Airbus: A380-Tragflügel sind bereits überarbeitet

Hamburg. Airbus hat die Tragflächen des A380 bereits in den Monaten vor dem fehlgeschlagenen Belastungstest überarbeitet. Flügel, die heute gebaut werden, seien nicht identisch mit denen des Testobjekts: "Im Rahmen des Entwicklungsprogramms fließen laufend Änderungen in das Produkt ein", sagte Firmensprecher David Voskuhl dem Abendblatt.

Am Donnerstag vergangener Woche war bekanntgeworden, daß bei einem Biegeversuch in Toulouse der A380-Flügel nicht wie vorgeschrieben dem 1,5fachen der maximalen Last, die im Flug auftreten kann, standgehalten hatte. Bereits beim 1,45fachen dieser Belastung hatten sich Risse gebildet.

Für den Versuch verwendet hatte Airbus die sogenannte "Bruchzelle". Dies ist ein unvollständiger A380-Rumpf mit Tragflächen, der nur für diese Belastungstests gebaut wurde und ohnehin nie abheben sollte. Er wurde produziert, bevor Airbus im Frühsommer 2004 mit dem Bau des ersten flugfähigen Testjets begann.

"Wir analysieren jetzt zusammen mit der Zulassungsbehörde EASA die Resultate des Belastungstests", sagte Airbus-Sprecher Voskuhl. "Wir sind aber zuversichtlich, daß wir die Musterzulassung bis Ende des Jahres erhalten." Dies wäre die Voraussetzung dafür, wie geplant noch vor Jahresende ein erstes Flugzeug für den Liniendienst an den Kunden Singapore Airlines ausliefern zu können.

"Für uns gilt weiter der Zeitplan, der eine Zulassung noch im Jahr 2006 vorsieht", sagte dazu Daniel Höltgen, Sprecher der EASA in Köln, dem Abendblatt.

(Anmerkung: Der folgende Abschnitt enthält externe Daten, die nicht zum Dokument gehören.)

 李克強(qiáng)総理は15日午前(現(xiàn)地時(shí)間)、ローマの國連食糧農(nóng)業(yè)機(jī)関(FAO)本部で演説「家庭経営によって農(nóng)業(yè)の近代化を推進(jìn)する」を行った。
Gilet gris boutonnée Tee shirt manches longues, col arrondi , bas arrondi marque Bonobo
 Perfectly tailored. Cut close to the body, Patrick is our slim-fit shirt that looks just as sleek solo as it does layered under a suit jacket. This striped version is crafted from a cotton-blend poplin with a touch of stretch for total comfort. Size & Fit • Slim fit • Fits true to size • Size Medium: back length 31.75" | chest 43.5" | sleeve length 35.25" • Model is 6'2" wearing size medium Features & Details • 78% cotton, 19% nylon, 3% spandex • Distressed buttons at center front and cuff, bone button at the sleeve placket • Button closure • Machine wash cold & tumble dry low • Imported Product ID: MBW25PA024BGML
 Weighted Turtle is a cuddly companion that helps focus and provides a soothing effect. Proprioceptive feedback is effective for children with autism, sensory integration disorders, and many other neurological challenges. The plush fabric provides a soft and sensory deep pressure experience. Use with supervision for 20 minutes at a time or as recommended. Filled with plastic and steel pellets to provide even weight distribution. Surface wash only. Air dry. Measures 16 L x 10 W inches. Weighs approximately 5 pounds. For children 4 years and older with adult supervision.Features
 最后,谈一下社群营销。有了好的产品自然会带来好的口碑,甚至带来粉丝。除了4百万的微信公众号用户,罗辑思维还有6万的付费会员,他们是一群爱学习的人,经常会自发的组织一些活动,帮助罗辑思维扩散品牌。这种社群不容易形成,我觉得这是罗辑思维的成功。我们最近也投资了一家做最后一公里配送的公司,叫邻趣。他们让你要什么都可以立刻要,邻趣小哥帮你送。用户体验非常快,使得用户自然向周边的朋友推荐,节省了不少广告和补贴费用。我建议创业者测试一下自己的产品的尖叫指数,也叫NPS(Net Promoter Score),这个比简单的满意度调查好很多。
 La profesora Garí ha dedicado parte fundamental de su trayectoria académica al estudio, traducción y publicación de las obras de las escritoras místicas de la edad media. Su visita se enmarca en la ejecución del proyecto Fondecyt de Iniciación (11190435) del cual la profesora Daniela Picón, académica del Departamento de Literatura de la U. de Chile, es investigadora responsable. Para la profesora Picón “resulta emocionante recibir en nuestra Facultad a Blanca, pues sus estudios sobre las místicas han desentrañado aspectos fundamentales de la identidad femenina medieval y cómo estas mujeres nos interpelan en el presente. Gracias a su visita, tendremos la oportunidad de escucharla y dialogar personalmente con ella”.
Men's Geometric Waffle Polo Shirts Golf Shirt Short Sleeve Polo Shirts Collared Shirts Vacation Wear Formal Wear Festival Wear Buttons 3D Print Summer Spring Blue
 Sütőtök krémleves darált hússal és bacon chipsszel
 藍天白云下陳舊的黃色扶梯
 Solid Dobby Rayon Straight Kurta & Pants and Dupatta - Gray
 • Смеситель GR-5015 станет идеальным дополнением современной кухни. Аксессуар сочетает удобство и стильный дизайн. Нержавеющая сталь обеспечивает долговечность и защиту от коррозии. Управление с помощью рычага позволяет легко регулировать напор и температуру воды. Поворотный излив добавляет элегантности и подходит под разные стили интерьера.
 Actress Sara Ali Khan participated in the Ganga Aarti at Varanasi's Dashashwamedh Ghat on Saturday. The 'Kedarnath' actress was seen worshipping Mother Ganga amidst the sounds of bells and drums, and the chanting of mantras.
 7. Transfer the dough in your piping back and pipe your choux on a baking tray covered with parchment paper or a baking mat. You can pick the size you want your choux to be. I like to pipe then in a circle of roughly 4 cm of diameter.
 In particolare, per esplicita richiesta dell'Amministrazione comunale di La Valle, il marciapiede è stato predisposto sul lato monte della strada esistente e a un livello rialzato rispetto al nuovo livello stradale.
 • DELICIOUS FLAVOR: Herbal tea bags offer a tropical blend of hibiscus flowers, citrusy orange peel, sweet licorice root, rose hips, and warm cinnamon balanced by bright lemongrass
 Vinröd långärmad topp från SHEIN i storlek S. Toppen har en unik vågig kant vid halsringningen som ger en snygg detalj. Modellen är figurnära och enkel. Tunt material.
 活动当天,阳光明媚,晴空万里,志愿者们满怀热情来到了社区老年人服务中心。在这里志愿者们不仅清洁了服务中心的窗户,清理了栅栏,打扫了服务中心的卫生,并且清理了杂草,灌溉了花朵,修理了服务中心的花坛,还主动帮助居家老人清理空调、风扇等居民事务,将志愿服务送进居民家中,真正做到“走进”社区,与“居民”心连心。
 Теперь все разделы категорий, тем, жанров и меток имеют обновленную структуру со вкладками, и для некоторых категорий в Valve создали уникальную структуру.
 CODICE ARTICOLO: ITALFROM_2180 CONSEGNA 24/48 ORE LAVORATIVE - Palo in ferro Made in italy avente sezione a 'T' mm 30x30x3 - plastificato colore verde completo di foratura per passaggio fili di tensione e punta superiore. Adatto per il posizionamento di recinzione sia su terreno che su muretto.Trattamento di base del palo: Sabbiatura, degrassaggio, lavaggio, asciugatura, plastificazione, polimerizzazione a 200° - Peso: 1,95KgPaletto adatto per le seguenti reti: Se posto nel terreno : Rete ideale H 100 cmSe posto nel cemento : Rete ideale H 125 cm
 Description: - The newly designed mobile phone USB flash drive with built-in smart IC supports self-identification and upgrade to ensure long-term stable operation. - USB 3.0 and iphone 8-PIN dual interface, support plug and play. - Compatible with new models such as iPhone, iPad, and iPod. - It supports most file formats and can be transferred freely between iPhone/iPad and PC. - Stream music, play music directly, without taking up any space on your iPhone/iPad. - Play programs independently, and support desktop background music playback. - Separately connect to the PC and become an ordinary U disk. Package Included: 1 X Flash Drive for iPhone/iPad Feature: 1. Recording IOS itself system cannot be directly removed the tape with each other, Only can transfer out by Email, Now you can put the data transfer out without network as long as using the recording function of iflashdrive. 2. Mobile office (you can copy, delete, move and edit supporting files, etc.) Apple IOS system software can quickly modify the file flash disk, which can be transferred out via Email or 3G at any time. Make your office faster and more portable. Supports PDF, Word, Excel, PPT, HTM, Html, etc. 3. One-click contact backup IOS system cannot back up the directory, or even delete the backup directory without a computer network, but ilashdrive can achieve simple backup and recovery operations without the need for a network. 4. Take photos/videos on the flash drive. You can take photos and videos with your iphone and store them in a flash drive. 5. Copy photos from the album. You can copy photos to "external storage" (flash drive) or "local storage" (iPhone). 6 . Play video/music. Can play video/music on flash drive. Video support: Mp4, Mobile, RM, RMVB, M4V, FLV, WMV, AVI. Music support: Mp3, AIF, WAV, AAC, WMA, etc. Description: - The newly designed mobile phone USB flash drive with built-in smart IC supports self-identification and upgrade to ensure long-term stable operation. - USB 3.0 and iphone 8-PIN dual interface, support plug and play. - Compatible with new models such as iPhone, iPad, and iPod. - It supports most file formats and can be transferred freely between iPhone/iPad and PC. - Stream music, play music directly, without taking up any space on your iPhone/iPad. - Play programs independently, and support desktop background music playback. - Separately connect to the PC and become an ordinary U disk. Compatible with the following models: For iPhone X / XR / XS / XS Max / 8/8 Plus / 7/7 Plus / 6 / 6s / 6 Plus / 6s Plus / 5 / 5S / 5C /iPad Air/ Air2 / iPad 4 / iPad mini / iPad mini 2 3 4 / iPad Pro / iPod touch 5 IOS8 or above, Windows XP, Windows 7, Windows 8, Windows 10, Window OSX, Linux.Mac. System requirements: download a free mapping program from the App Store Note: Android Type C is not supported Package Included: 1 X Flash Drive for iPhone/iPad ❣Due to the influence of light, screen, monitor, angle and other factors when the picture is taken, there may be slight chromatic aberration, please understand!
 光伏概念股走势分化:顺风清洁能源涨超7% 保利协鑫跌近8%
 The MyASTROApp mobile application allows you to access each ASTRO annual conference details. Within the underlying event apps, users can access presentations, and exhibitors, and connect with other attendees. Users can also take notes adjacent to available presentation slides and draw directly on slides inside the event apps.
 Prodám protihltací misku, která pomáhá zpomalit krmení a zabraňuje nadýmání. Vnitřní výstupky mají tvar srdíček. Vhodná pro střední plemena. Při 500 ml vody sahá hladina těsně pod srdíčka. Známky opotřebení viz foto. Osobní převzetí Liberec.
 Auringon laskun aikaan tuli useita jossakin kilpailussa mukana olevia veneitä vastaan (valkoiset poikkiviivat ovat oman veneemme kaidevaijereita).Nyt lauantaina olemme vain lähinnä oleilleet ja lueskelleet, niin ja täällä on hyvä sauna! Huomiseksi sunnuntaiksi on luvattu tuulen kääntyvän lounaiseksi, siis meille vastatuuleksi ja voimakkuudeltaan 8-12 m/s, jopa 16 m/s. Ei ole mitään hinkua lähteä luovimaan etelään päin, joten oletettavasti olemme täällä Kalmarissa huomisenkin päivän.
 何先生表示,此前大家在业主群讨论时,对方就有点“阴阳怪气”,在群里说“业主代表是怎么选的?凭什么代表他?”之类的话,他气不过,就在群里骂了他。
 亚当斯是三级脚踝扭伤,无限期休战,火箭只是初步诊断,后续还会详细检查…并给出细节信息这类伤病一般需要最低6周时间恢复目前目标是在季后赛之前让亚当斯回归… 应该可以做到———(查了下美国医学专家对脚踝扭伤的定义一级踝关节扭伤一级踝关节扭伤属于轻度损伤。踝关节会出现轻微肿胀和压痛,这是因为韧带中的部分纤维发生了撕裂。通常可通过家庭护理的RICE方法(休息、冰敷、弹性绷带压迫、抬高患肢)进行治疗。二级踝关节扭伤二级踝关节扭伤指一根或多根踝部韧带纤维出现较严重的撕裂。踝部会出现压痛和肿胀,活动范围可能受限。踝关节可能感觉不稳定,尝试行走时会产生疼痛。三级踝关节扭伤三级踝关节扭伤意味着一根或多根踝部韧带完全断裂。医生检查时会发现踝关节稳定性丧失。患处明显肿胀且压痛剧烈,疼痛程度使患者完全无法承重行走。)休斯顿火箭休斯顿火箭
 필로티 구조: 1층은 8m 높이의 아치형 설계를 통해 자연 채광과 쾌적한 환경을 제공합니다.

Bisher sei nicht geklärt, ob der Belastungstest wiederholt werden muß. Klar sei nur: "Die Arbeit ist sicher nicht weniger geworden." Man dürfe den Fehlschlag aber auch nicht überbewerten: "Das ist keine Katastrophe." Von dem geforderten Sicherheitsstandard werde man jedoch nicht abweichen. "An dem nachzuweisenden Wert von 1,5 gibt es nichts zu rütteln", so Höltgen.

Airbus hätte, wie es in der Branche heißt, mehrere Möglichkeiten, die Forderung zu erfüllen. Eventuell sei eine Konstruktionsänderung an den Tragflächen nötig. Sollte der Flugzeugbauer aber beispielsweise seit der Produktion der "Bruchzelle" das Material geändert haben, dann könne auch eine Kombination aus Simulationen und Materialversuchen ausreichen. Der Analyst Stephan Klepp von der Landesbank Rheinland-Pfalz, der die Aktie der Airbus-Muttergesellschaft EADS beobachtet, hat noch eine weitere Variante ins Gespräch gebracht: Nach seinen Angaben könnte Airbus das Flugzeuggewicht für den A380 zunächst einschränken und so eine Vorab-Zertifizierung erreichen. Dann hätte der Hersteller Zeit für die nötigen Nachbesserungen, ohne daß der Zeitplan für die Zulassung aus den Fugen geriete.

Tatsächlich müssen die Flügel bei einem so riesigen Jet wie dem A380 enorme Lasten tragen. Zusammen haben sie eine Fläche so groß wie drei Reihenhausgrundstücke, jeder einzelne der in Großbritannien gebauten Flügel ist an der Vorderkante 43 Meter lang. Zusammen müssen sie in der Luft nicht nur die Masse eines vollbeladenen A380 von maximal 590 Tonnen tragen können. Im extremen Kurvenflug oder beim Hochziehen aus einem steilen Sinkflug ist der Jet bis zum zweieinhalbfachen der normalen Erdbeschleunigung ausgesetzt - er ist dann scheinbar 1475 Tonnen schwer.